__Information supplied__
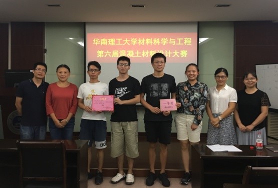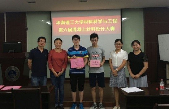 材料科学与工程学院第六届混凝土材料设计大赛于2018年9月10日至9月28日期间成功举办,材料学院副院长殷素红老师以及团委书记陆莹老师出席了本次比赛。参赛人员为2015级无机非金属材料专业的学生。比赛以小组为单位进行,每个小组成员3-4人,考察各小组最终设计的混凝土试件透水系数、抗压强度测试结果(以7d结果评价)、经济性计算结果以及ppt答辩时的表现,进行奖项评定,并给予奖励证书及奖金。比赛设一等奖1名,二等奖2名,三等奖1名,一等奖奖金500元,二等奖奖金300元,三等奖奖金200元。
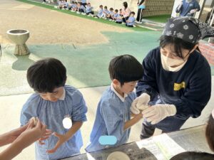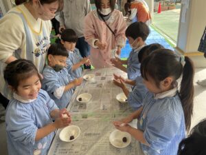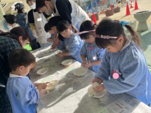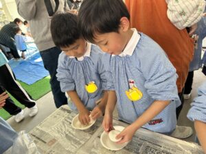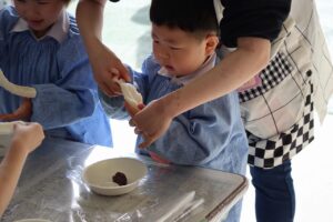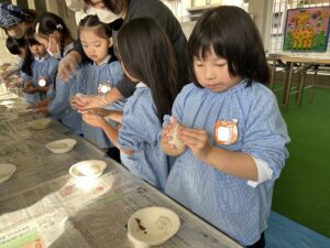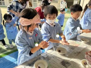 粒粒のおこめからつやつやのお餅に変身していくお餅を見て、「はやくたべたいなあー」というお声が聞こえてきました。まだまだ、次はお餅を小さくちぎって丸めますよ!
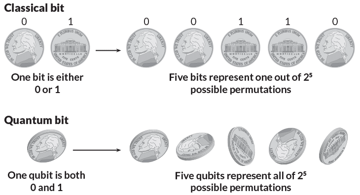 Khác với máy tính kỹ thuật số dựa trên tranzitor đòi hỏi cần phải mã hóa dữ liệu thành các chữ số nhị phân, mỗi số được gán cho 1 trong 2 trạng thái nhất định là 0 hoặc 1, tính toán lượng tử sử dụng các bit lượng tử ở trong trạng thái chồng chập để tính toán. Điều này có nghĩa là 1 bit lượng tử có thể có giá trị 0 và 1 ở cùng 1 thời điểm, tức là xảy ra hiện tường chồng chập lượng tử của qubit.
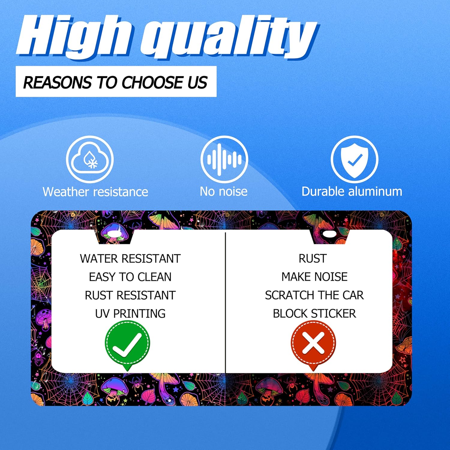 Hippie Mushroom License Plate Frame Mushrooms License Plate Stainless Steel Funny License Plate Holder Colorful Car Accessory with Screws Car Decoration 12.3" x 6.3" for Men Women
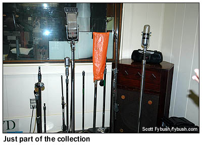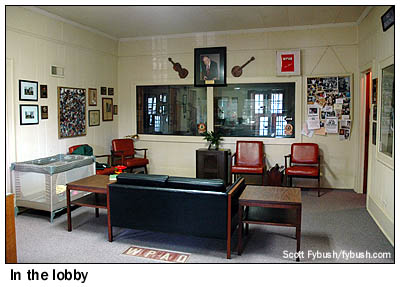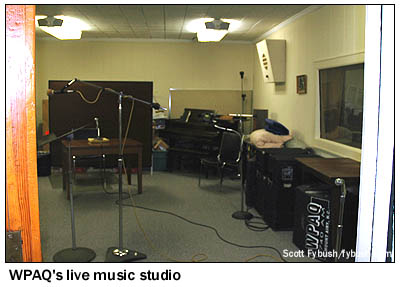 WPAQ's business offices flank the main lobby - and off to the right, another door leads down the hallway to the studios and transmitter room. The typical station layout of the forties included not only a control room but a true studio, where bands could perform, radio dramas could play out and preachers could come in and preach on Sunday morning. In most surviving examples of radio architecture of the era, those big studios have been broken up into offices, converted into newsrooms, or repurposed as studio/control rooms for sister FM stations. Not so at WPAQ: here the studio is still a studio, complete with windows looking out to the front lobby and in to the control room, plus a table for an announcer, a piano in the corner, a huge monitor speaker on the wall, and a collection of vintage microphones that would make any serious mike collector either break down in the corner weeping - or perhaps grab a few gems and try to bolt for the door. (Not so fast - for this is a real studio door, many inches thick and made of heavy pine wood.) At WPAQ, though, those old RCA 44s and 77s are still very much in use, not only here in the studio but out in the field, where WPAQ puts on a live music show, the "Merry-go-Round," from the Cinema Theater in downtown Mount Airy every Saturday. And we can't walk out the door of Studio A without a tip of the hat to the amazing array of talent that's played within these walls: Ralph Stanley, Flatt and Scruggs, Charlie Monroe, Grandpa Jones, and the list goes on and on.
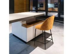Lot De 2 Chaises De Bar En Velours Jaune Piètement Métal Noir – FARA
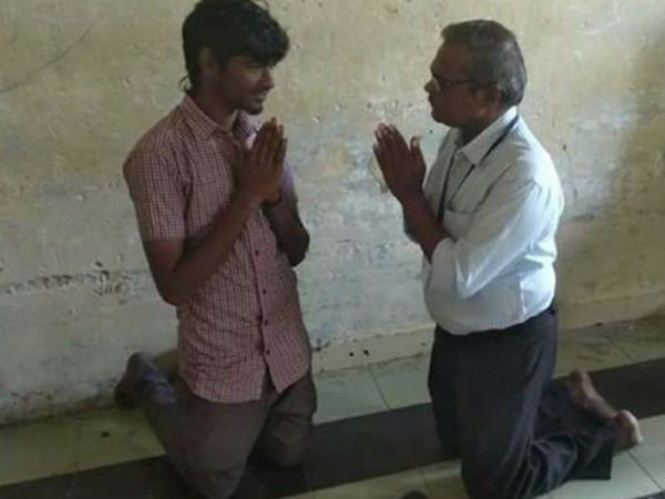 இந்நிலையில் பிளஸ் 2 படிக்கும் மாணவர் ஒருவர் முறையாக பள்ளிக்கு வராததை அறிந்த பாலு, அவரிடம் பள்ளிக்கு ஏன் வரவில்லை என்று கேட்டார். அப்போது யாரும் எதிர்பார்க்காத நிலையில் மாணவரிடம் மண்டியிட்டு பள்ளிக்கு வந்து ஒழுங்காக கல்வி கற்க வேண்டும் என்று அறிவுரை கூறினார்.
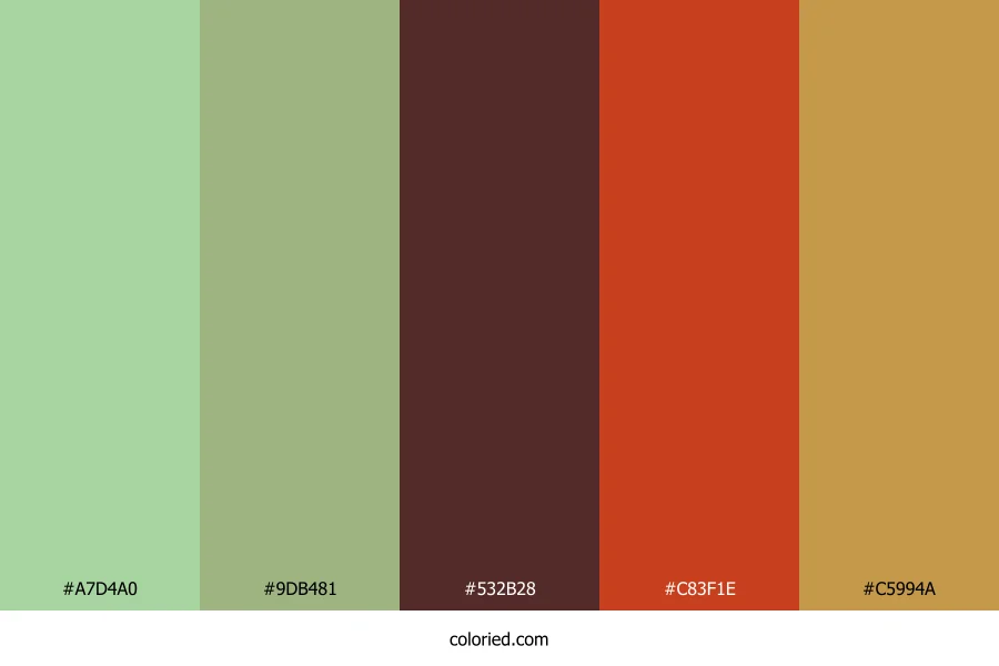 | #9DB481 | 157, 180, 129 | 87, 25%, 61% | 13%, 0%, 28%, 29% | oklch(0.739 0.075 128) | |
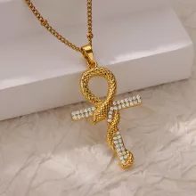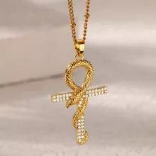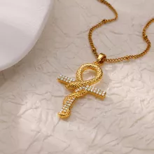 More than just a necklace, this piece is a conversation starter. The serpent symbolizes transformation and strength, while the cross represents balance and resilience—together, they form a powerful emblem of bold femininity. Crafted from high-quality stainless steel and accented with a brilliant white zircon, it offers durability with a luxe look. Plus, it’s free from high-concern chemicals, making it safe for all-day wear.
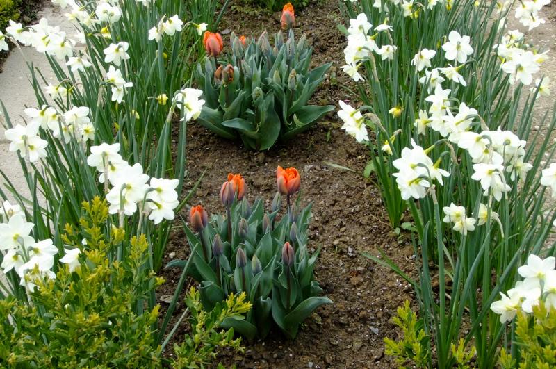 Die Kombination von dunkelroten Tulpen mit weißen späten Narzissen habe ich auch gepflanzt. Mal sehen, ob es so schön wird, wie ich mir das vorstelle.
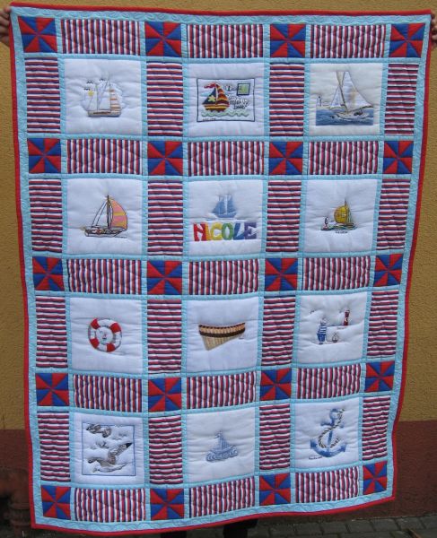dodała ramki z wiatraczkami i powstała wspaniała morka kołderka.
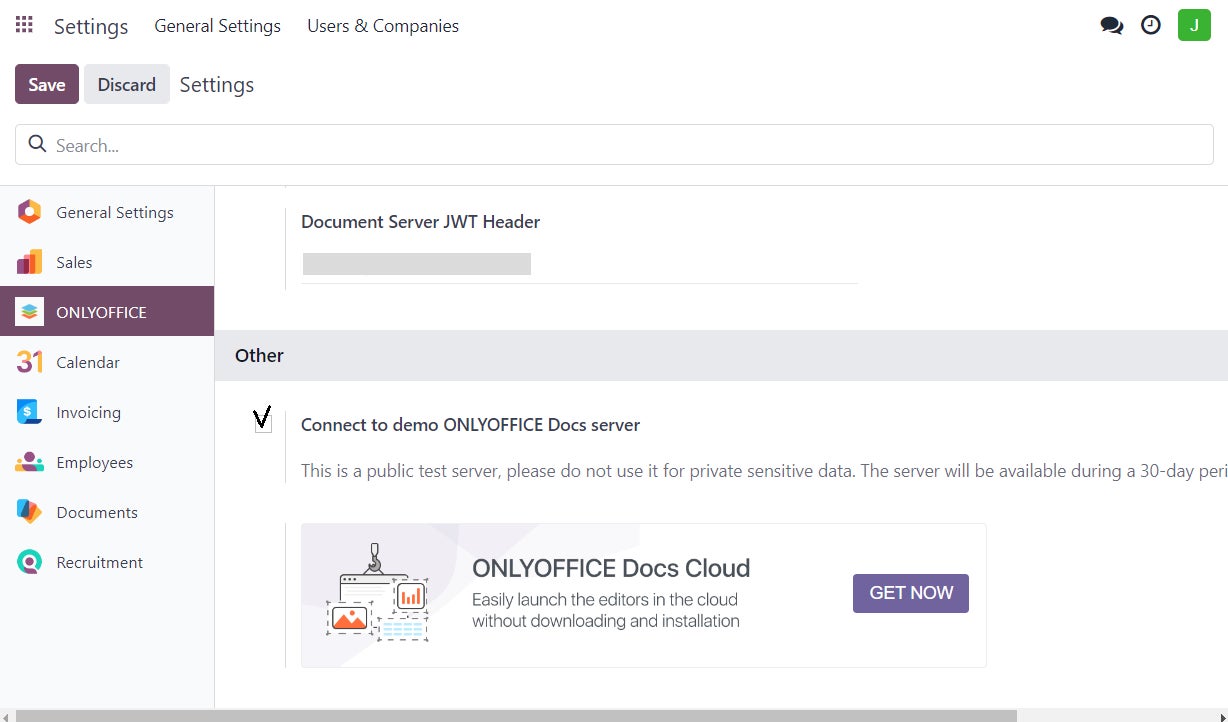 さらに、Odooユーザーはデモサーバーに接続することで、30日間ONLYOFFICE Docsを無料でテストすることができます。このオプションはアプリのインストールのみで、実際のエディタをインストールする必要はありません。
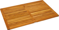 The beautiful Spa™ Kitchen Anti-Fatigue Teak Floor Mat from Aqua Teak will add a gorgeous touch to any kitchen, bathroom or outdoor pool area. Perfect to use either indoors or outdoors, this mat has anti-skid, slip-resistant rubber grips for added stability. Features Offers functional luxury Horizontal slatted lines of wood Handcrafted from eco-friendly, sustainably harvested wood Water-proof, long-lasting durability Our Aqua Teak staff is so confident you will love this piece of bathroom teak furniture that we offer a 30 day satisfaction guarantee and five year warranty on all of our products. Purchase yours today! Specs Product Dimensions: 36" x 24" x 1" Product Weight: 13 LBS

__Task description__
Copy out each record shown above without alteration, skipping any picture.

__Expected output__
 材料科学与工程学院第六届混凝土材料设计大赛于2018年9月10日至9月28日期间成功举办,材料学院副院长殷素红老师以及团委书记陆莹老师出席了本次比赛。参赛人员为2015级无机非金属材料专业的学生。比赛以小组为单位进行,每个小组成员3-4人,考察各小组最终设计的混凝土试件透水系数、抗压强度测试结果(以7d结果评价)、经济性计算结果以及ppt答辩时的表现,进行奖项评定,并给予奖励证书及奖金。比赛设一等奖1名,二等奖2名,三等奖1名,一等奖奖金500元,二等奖奖金300元,三等奖奖金200元。
 粒粒のおこめからつやつやのお餅に変身していくお餅を見て、「はやくたべたいなあー」というお声が聞こえてきました。まだまだ、次はお餅を小さくちぎって丸めますよ!
 Khác với máy tính kỹ thuật số dựa trên tranzitor đòi hỏi cần phải mã hóa dữ liệu thành các chữ số nhị phân, mỗi số được gán cho 1 trong 2 trạng thái nhất định là 0 hoặc 1, tính toán lượng tử sử dụng các bit lượng tử ở trong trạng thái chồng chập để tính toán. Điều này có nghĩa là 1 bit lượng tử có thể có giá trị 0 và 1 ở cùng 1 thời điểm, tức là xảy ra hiện tường chồng chập lượng tử của qubit.
 Hippie Mushroom License Plate Frame Mushrooms License Plate Stainless Steel Funny License Plate Holder Colorful Car Accessory with Screws Car Decoration 12.3" x 6.3" for Men Women
 WPAQ's business offices flank the main lobby - and off to the right, another door leads down the hallway to the studios and transmitter room. The typical station layout of the forties included not only a control room but a true studio, where bands could perform, radio dramas could play out and preachers could come in and preach on Sunday morning. In most surviving examples of radio architecture of the era, those big studios have been broken up into offices, converted into newsrooms, or repurposed as studio/control rooms for sister FM stations. Not so at WPAQ: here the studio is still a studio, complete with windows looking out to the front lobby and in to the control room, plus a table for an announcer, a piano in the corner, a huge monitor speaker on the wall, and a collection of vintage microphones that would make any serious mike collector either break down in the corner weeping - or perhaps grab a few gems and try to bolt for the door. (Not so fast - for this is a real studio door, many inches thick and made of heavy pine wood.) At WPAQ, though, those old RCA 44s and 77s are still very much in use, not only here in the studio but out in the field, where WPAQ puts on a live music show, the "Merry-go-Round," from the Cinema Theater in downtown Mount Airy every Saturday. And we can't walk out the door of Studio A without a tip of the hat to the amazing array of talent that's played within these walls: Ralph Stanley, Flatt and Scruggs, Charlie Monroe, Grandpa Jones, and the list goes on and on.
Lot De 2 Chaises De Bar En Velours Jaune Piètement Métal Noir – FARA
 இந்நிலையில் பிளஸ் 2 படிக்கும் மாணவர் ஒருவர் முறையாக பள்ளிக்கு வராததை அறிந்த பாலு, அவரிடம் பள்ளிக்கு ஏன் வரவில்லை என்று கேட்டார். அப்போது யாரும் எதிர்பார்க்காத நிலையில் மாணவரிடம் மண்டியிட்டு பள்ளிக்கு வந்து ஒழுங்காக கல்வி கற்க வேண்டும் என்று அறிவுரை கூறினார்.
 | #9DB481 | 157, 180, 129 | 87, 25%, 61% | 13%, 0%, 28%, 29% | oklch(0.739 0.075 128) | |
 More than just a necklace, this piece is a conversation starter. The serpent symbolizes transformation and strength, while the cross represents balance and resilience—together, they form a powerful emblem of bold femininity. Crafted from high-quality stainless steel and accented with a brilliant white zircon, it offers durability with a luxe look. Plus, it’s free from high-concern chemicals, making it safe for all-day wear.
 Die Kombination von dunkelroten Tulpen mit weißen späten Narzissen habe ich auch gepflanzt. Mal sehen, ob es so schön wird, wie ich mir das vorstelle.
dodała ramki z wiatraczkami i powstała wspaniała morka kołderka.
 さらに、Odooユーザーはデモサーバーに接続することで、30日間ONLYOFFICE Docsを無料でテストすることができます。このオプションはアプリのインストールのみで、実際のエディタをインストールする必要はありません。
 The beautiful Spa™ Kitchen Anti-Fatigue Teak Floor Mat from Aqua Teak will add a gorgeous touch to any kitchen, bathroom or outdoor pool area. Perfect to use either indoors or outdoors, this mat has anti-skid, slip-resistant rubber grips for added stability. Features Offers functional luxury Horizontal slatted lines of wood Handcrafted from eco-friendly, sustainably harvested wood Water-proof, long-lasting durability Our Aqua Teak staff is so confident you will love this piece of bathroom teak furniture that we offer a 30 day satisfaction guarantee and five year warranty on all of our products. Purchase yours today! Specs Product Dimensions: 36" x 24" x 1" Product Weight: 13 LBS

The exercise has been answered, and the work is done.